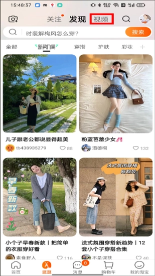 进入逛逛页面后,点击顶部的【视频】按钮,即可进入短视频页面。
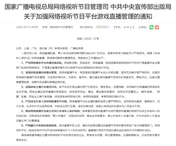 在国家广播电视总局网络视听节目管理司、中共中央宣传部出版局联合发布的《关于加强网络视听节目平台游戏直播管理的通知》中,相关条款一方面是基于直播领域近期的监管重点,比如加强内容管理、规范主播行为、严禁违法失德人员出镜等。
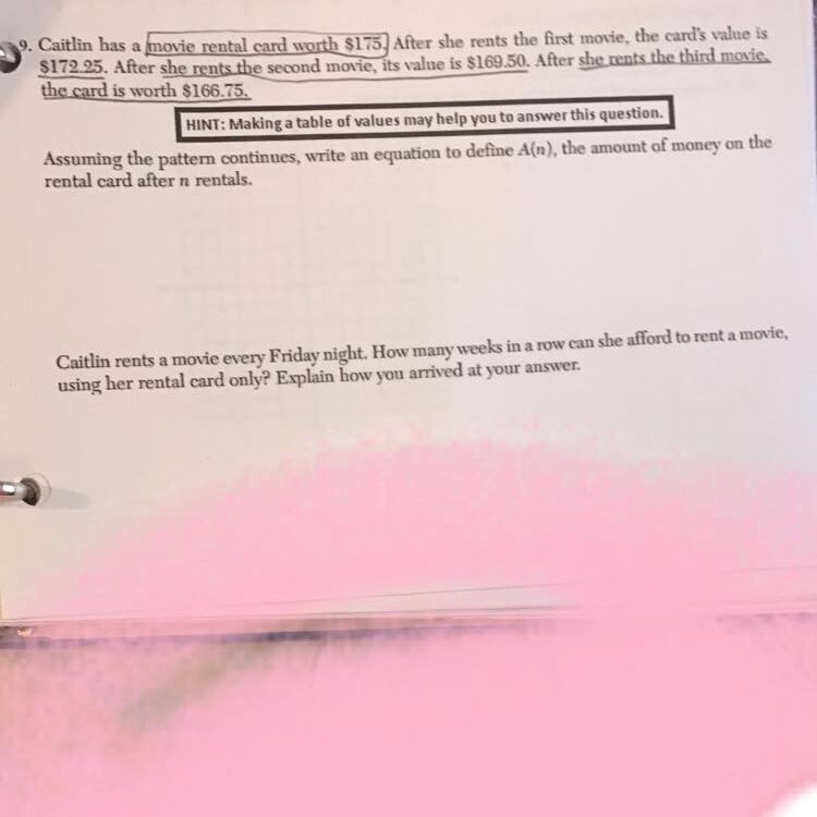 If the pattern continues, it could be 2.75 * 63.63 repeating to get to the end of the card. The second answer is 63. When she started the card, she had $175. Divide 175 by 2.75 and you get 63 repeating.
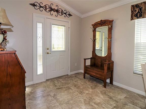 Pride of ownership abounds in this CBS 2/2/2 open floor plan Alydar. Picture perfect in every way. Designer driveway and walkway. Leaded glass front door with matching side window. Designer wall color and ceiling fans. Newer 24" ceramic tile in heavy traffic areas. Bedrooms are carpeted. Upgraded stainless steel kitchen appliances (smooth top stove, beverage compartment in refrigerator, self venting microwave); breakfast bar, closet pantry and eat-in kitchen. Inside laundry with upper cabinetry for storage. Enclosed lanai (acrylic windows, ceramic tile flooring, lighted ceiling fan, roller shades). Two-car garage features privacy screen, key-less entry, pull-down stairs & storage, solar attic fan and workbench. Power awnings on lanai. Shingles 2014. HVAC 2019 with April Aire and Humidistat. Extra nice and clean.
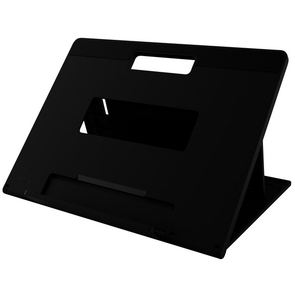 This Kensington Easy Riser Go Laptop Stand lets you lift your screen to a comfortable viewing height. The laptop stand has the additional benefit of providing greater airflow around your laptop or tablet. The sleek, ergonomic laptop stand allows you to adjust the height and the angle of your device to help with comfortable posture and eye alignment while you're working. The laptop stand features padded inserts that help to ensure a secure fit for your laptop or tablet, and the stand has anti-slip foot pads to prevent it from sliding forward.
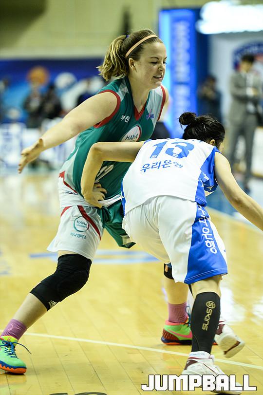 [점프볼=춘천/유용우 기자] 17일 춘천 호반체육관에서 열린 'KDB생명 2015-2016 여자프로농구' 춘천 우리은행과 KEB하나은행의 챔피언결정전 2차전 경기, KEB하나은행 트리샤 리스턴이 압박수비를 펼치고 있다.
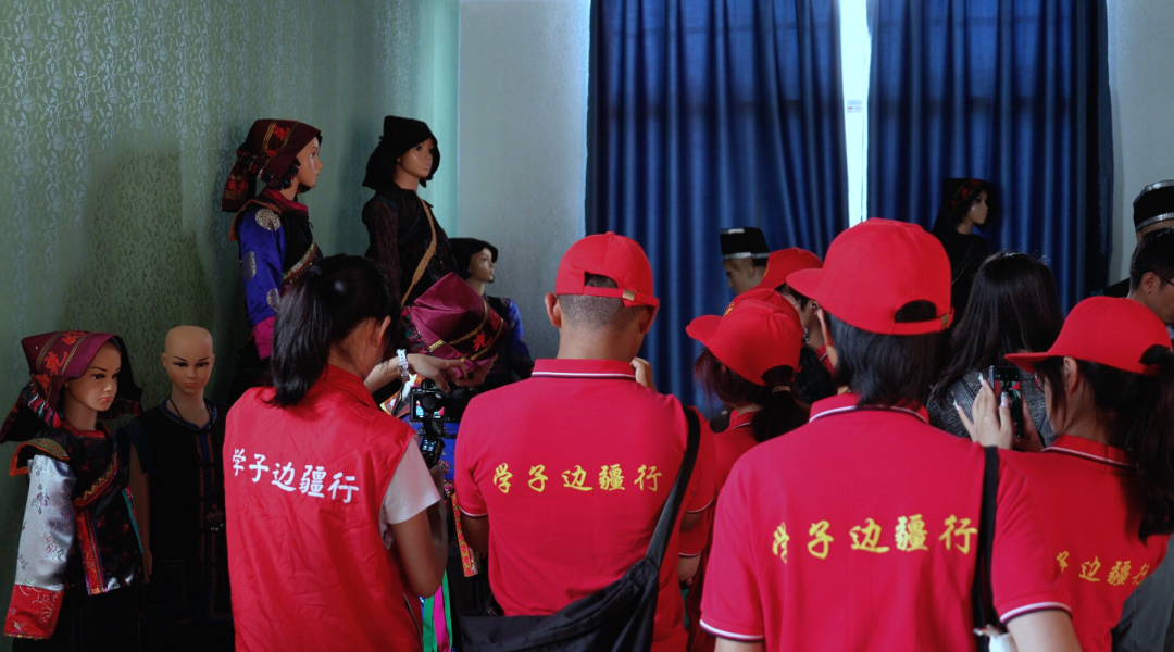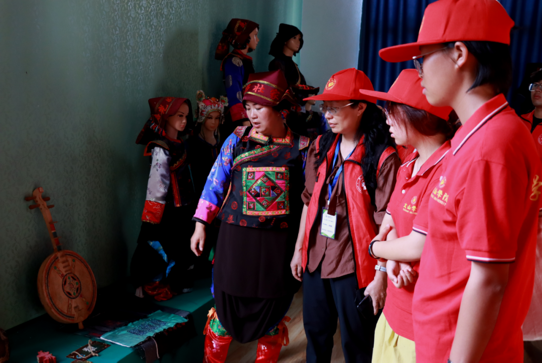 体验完纸马舞,师生们还走进了牛头寨文化传习馆,馆内陈列着丰富的民族文化展品,壮族的蜡染衣裙、苗族的百褶裙、彝族的刺绣头帕色彩斑斓,木质的纺车、竹编谷篮带着农耕岁月的质朴,铜鼓、芦笙等乐器似能奏响往昔节庆旋律。每一件展品都似在讲述着民俗故事与历史渊源,让同学们深刻感受了多民族文化交融的魅力。
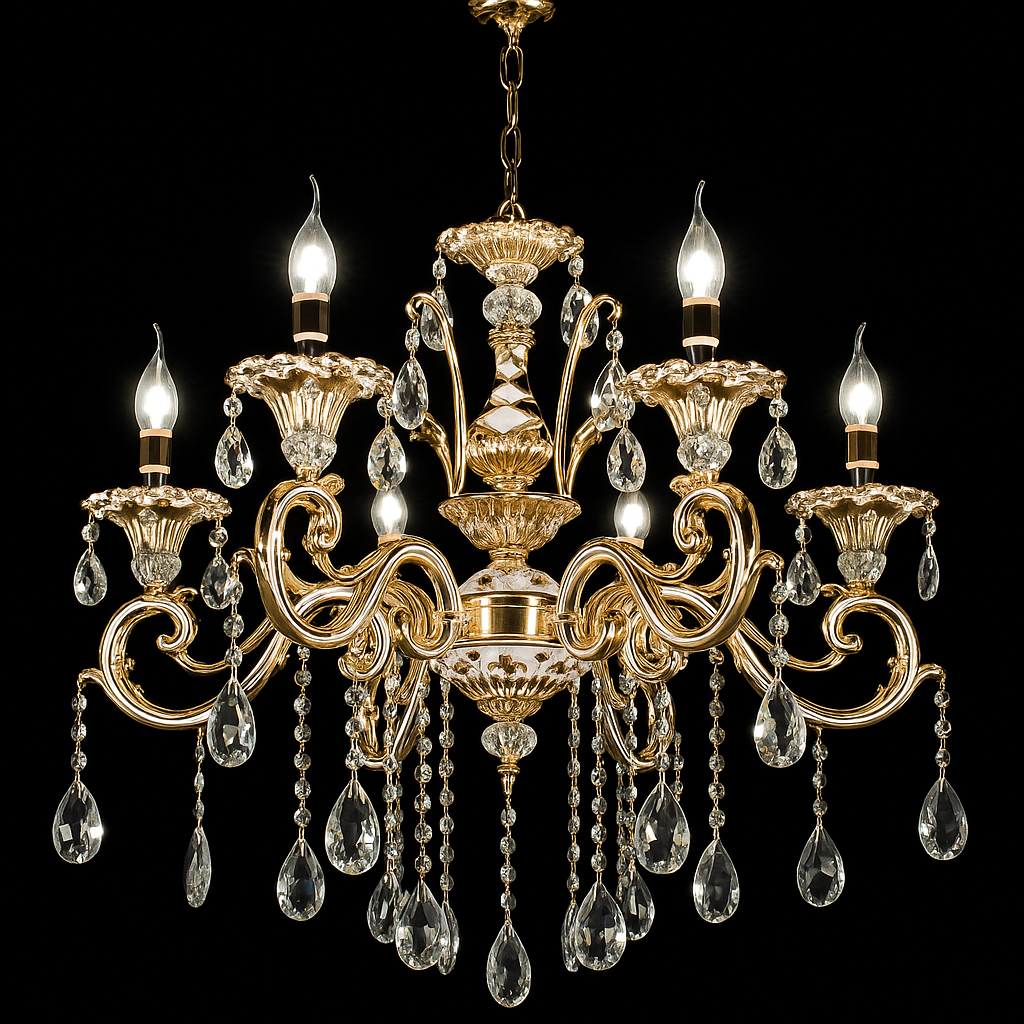 Poskytuje eleganciu vašej izbe prostredníctvom tohto špeciálneho lustra. Svetelné zdroje sú obklopené ozdobnými vláknami s pôsobivým počtom kryštálov. Akonáhle je luster rozsvietený, odraz svetla cez starostlivo umiestnené kryštály vytvára jedinečný estetický mimoriadny zdroj.

What the task asks: In the records above, copy exactly everything from the line that has "This Kensington Easy" down to the line that has "[점프볼=춘천/유용우 기자] 17일", both ends included, and leave out the pictures.

Answer section:
 This Kensington Easy Riser Go Laptop Stand lets you lift your screen to a comfortable viewing height. The laptop stand has the additional benefit of providing greater airflow around your laptop or tablet. The sleek, ergonomic laptop stand allows you to adjust the height and the angle of your device to help with comfortable posture and eye alignment while you're working. The laptop stand features padded inserts that help to ensure a secure fit for your laptop or tablet, and the stand has anti-slip foot pads to prevent it from sliding forward.
 [점프볼=춘천/유용우 기자] 17일 춘천 호반체육관에서 열린 'KDB생명 2015-2016 여자프로농구' 춘천 우리은행과 KEB하나은행의 챔피언결정전 2차전 경기, KEB하나은행 트리샤 리스턴이 압박수비를 펼치고 있다.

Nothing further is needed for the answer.